Deafheaven – 10 Years Gone
Die angedachte Tour fiel Corona-bedingt ins Wasser, weswegen Deafheaven ihr rundes Jubiläum kurzerhand mit einer Live-im-Studio-Platte feiern. 10 Years Gone ist dabei aber zu stark, um als bloßes Methadonprogramm durchgewunken zu werden.
Etwas mehr als ein Jahrzehnt ist es her, dass Deafheaven ihre erste Demo am 1. Juni 2010 veröffentlichten. Was 2020 auf einer gemeinsamen Tour mit Inter Arma, Greet Death and All Your Sisters durch Nordamerika zelebriert hätte werden sollen – wäre da nicht das weithin bekannte Problem mit der Pandemie.
„To rebound from the financial and morale hit, we put together an album of the set we intended to perform.“ erklärt George Clarke den Gang mit Jack Shirley in die Räumlichkeiten des Atomic Garden, der die abgesagte Konzertreihe am ehesten aufwiegen sollte.
Und wo es vor diesem Hintergrund ohnedies nicht extra erwähnt werden müsste, dass man nicht den Fehler machen sollte, die Auswahl der acht Songs auf 10 Years Gone mit einem Best of gleichzustellen (denn diesbezüglich kann die Platte ohne beispielsweise ein Black Brick oder Violet nur scheitern), darf man die Sinnhaftigkeit einer solchen Live-im-Studio-Platte zwar grundsätzlich auch hiernach weiterhin in Frage stellen, wenn Deafheaven auf Konserve natürlich nicht dieselbe stimmungsvolle Tiefe und Intensität erzeugen, wie sie es in natura auf der Bühne tun.
Doch überzeugen die aufgefahrenen 73 Minuten dann doch so nah wie wohl überhaupt möglich am essentiellen Mehrwert, indem bekannte Songs eine bisweilen furiose Frischzellenkur verpasst bekommen, mit kraftvoller Energie ebenso eine fokussierte Unmittelbarkeit destillieren, wie die Entwicklung der Band über die vergangenen Jahre transparent gemacht wird.
Das ohne Piano auskommende The Pecan Tree wird ebenso wie Dream House um einige Gitarrenlagen entschlackt, die Songs agieren zudem weniger aggressiv als noch auf Sunbather (2013), dafür aber auf noch melodischere Nuancen hin ausbalanciert.

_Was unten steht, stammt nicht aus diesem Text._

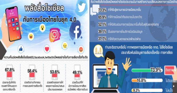 “กรุงเทพโพลล์” สำรวจความคิดเห็นประชาชน เรื่อง “พลังสื่อโซเชียลกับการเมืองไทยยุค 4.0” พบประชาชนร้อยละ 67.8 เห็นว่าการเลือกตั้งที่จะถึงนี้ พลังสื่อโซเชียลจะช่วยกระตุ้นให้เกิดกระแสทำให้คนอยากออกมาเลือกตั้ง
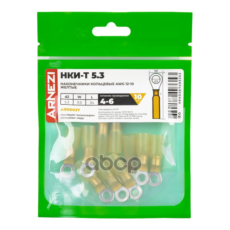 Купить запчасть A0110037 Наконечники кольцевые НКИ-Т 4-6 AWG12-10 5.3мм 10 шт желтые, , Max Вт ARNEZI A0110037 с доставкой по России.
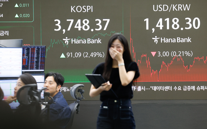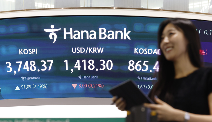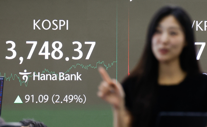 코스피가 3,700선을 돌파하며 사상 최고치를 기록한 16일 서울 중구 하나은행 딜링룸 현황판에 코스피 지수 등이 표시되고 있다. 코스피는 전장 종가보다 91.09 포인트(2.49%) 상승하며 3748.37로, 코스닥은 0.69 포인트(0.08%) 상승한 865.41로 장을 마감했다.
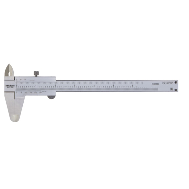 Mitutoyo; Vernier Caliper This is a standard type of vernier caliper that offers you the following benefits: Main scale and vernier scale satin chrome finish gives you high readability. Raised sliding surfaces. All images are for representation only.
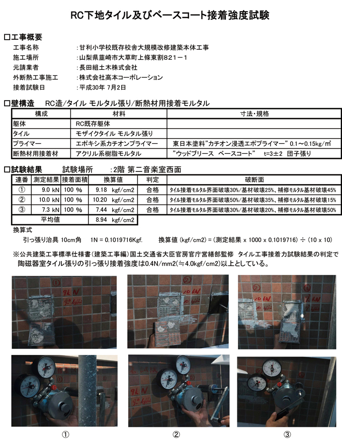 ↑ タイルの接着試験強度 < 断熱材用接着材であることがこの試験から判明しています。3h>
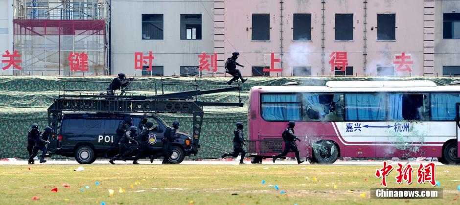 5月27日,浙江省公安特警队开展反恐演练,来自浙江省各地市千余名公安特警、武警、海警、警卫部队和消防等反恐一线的队伍进行了暴力恐怖事件实战处置、武警反恐特战演练、高精度狙击步枪射击和群体性事件处置等9个科目的演练。中新社发 周尔博 摄
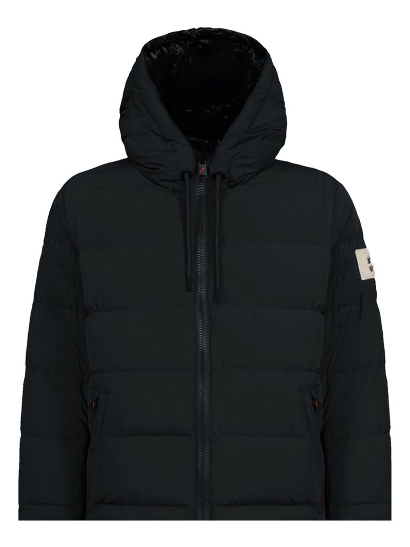 The After Label Verbier men's jacket in black is designed to offer maximum warmth without sacrificing contemporary style. Crafted from matte technical nylon and padded with a blend of 90% down and 10% feathers, it provides thermal insulation and lightweight comfort.
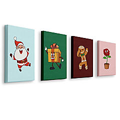 Holiday Cheer Set of 4 Gallery Wrapped Canvas by Dancing Littles Jungle - Size 8x10 Inch
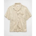 AE Poolside Linen-Blend Floral Button-Up Shirt – Khaki
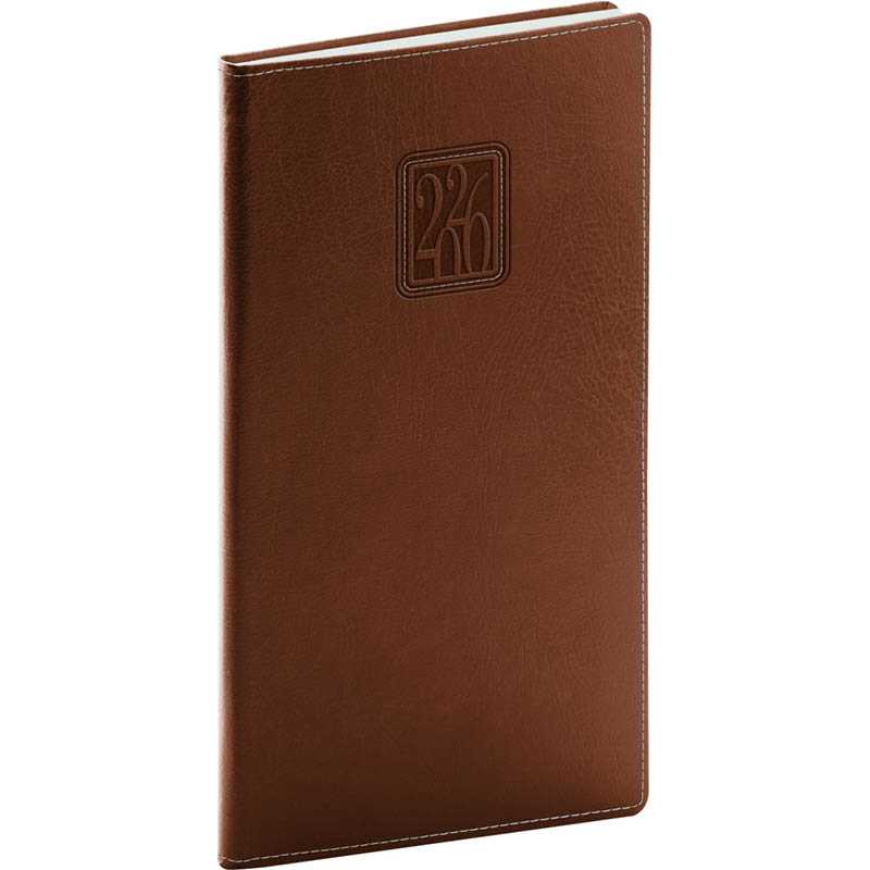 Vreckový diár Tomy 2026 v hnedo-červenej farbe. Klasický povrch imitujúci kožu, ktorý dopĺňa jemné prešitie. Na materiál je možné tlačiť a je vhodný pre všetky typy razieb. Týždenný rozvrh s česko-slovenským kalendáriom a doplnkovou angličtinou, nemčinou, maďarčinou a ruštinou.• kalendárium od decembra 2025 • ročný plánovací kalendár 2026–2027 • pracovný plánovací kalendár • sviatky Českej a Slovenskej republiky a medzinárodné sviatky • rozšírený zoznam českých mien • miesto pre osobné údaje • perforované rožkyRozsah: 128 strán. Rozmer: 9 x 15,5 x 1 cm. Hmotnosť: 0,08. Papier: 70 g/m2. Väzba: tuhá knižná s pútkom na ceruzku. Kalendárium: 6 jazyčné (CZ, SK, GB, DE, HU, RU) .
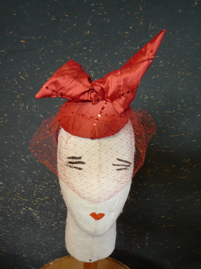 スパンコール付きシルク地ヘッドドレスに1950年代のフランス製ベールが付いている。
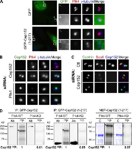 Cep152 interacts with Plk4 and is required for centriole duplication. , Hatch EM, Kulukian A, Holland AJ, Cleveland DW, Stearns T ., J Cell Biol. November 15, 2010; 191 (4): 721-9.

Das erstmals physisch erhältliche, Death-affine From the Kettle Onto the Coil schärft über das Zusammenspiel von Kerry McCoy und Shiv Mera seine Konturen; gerade Daedalus als Deafheaven-Genesis klingt nun knackiger und kompakter, ist wie auch das ähnlich modifizierte, seine Texturen nunmehr weitaus detaillierter ausleuchten könnende Language Games vom 2011er Werk Roads to Judah spielzeittechnisch präziser auf den Punkt gebracht.
Die Modifizierungen der Nummern bleiben im stets im Rahmen, schlagen vor allem in kleinen Segmenten und Facetten zu Buche, führen aber auch dazu, dass etwa ein berauschendes Glint (von Ordinary Corrupt Human Love aus dem Jahr 2018) nun hoffnungsvoller den Sound lüftet, leichter und melancholisch. Nicht nur in Vertigo kommen die Post Rock-Parts auch atmosphärischer und reichhaltiger zur Geltung als auf den ursprünglichen Album-Versionen, haben mehr Geduld, während der shoegazende Anteil seine Schleifen mit verträumter Bandbreite darüber ziehen kann. Wenn der Song über das immer noch überschaubare Funken sprühende Solo Tempo aufnimmt, kann auch Clarke als fauchender Derwisch zeigen, dass er wie auch der Rest der Band stets in giftiger Hochform agiert. Was alles verdammt gute Argumente sind, sich das wunderbar ausgewogen eingefangene und druckvoll nach vorne ziehende 10 Years Gone unbedingt ins Regal stellen zu müssen (denn besser gehen diese Art von Aufnahmen wohl kaum) – aber eben auch die Tatsache umso deutlicher unterstreicht, dass das als tatsächliches Live-Erlebnis einfach noch zwingender gewesen wäre.